The 2005 Surakarta mayoral election took place on 27 June 2005, as the first direct mayoral election for the city. Four pairs of candidates for Surakarta's mayor and deputy mayor participated in the election. The election was famous because it was won by Joko Widodo, who would later become President of Indonesia in 2014.

==Background==
Starting in 2005, as part of a decentralization process, Indonesia implemented a direct election system for local leaders (i.e. mayors, regents, and governors), replacing the previous system of election by vote within local legislatures during the New Order era. The first of such elections, initially scheduled for January 2005, were delayed to June 2005 in order to allow for preparations.

==Candidates==
There were four pairs of candidates for the election, including former mayor Slamet Suryanto. Suryanto, who was the chairman of PDI-P's local office, had been sanctioned by his party for running instead through a coalition of small parties, as the party had instead nominated Joko Widodo, who at the time was chairman of the city's furniture-makers association.
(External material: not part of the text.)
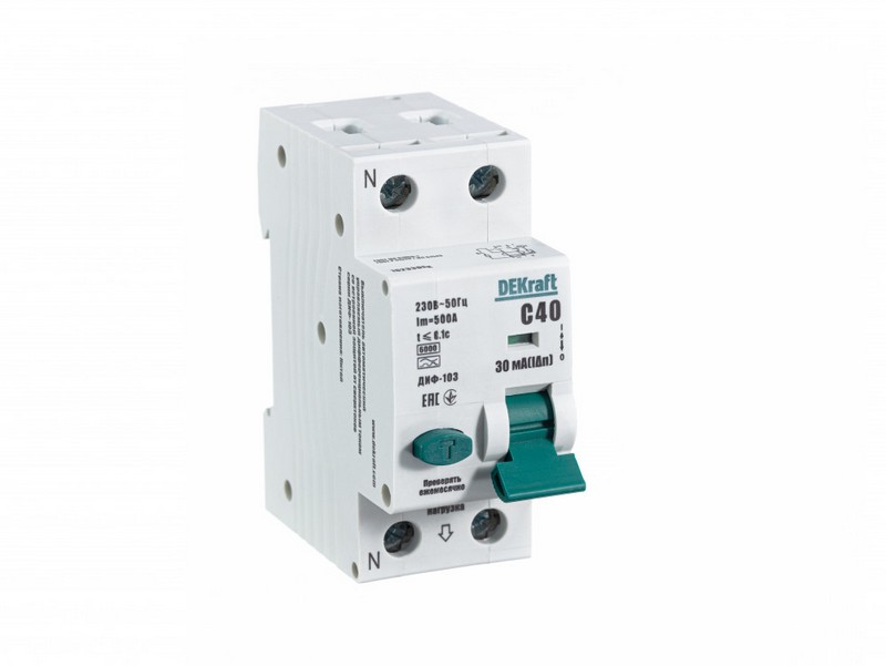 Автоматические выключатели дифференциального тока серии ДИФ-103 6кА NEW Dekraft; 1P+N; номинальный ток 40 А; ном. диф. ток 30 мА; тип диф. расцепителя - AC; кривая отключения - С; Icn, Ics = 6 кА; тип устройства - электронный; монтаж – на DIN-рейку. АВДТ обеспечивают три вида защиты - от короткого замыкания, перегрузки и возникновения утечки тока (в частности, вследствие прикосновения человека к токоведущим частям).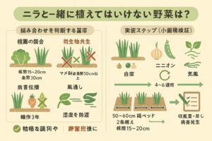 絶対的に避けるべき組み合わせが広く合意されているわけではありませんが、根圏環境や病害リスクの観点から注意したいポイントがあります。ネギ属は根圏で独特の香味成分を放出し、土壌微生物相に影響を及ぼす可能性が指摘されます。共生微生物への依存が大きい作物(根粒菌に依拠するマメ科など)では初期生育が敏感な場合があるため、狭い条間での混植は避け、区画を分けて管理すると安全側です。一方で、ネギ属の香りを利用して一部の害虫回避を狙う事例もありますが、圃場条件で結果が分かれやすく、小面積の試験区で検証してから広げる手順が現実的です。

Aside from the two, there was also the Achmad Purnomo-Istar Yuliadi ticket, endorsed by the National Mandate Party, and the Hardono-Dipokusomo ticket, endorsed by a coalition of Golkar, the Democratic Party, and the Prosperous Justice Party. Additionally, the National Awakening Party also endorsed Widodo.
==Results==

| Candidate | Votes | Percentage |
|---|---|---|
| Joko Widodo | 99,747 | 36.62 |
| Achmad Purnomo | 79,213 | 29.08 |
| Hardono | 78,989 | 29 |
| Slamet Suryanto | 14,414 | 5.29 |

The election was held in 1,385 polling stations across the city.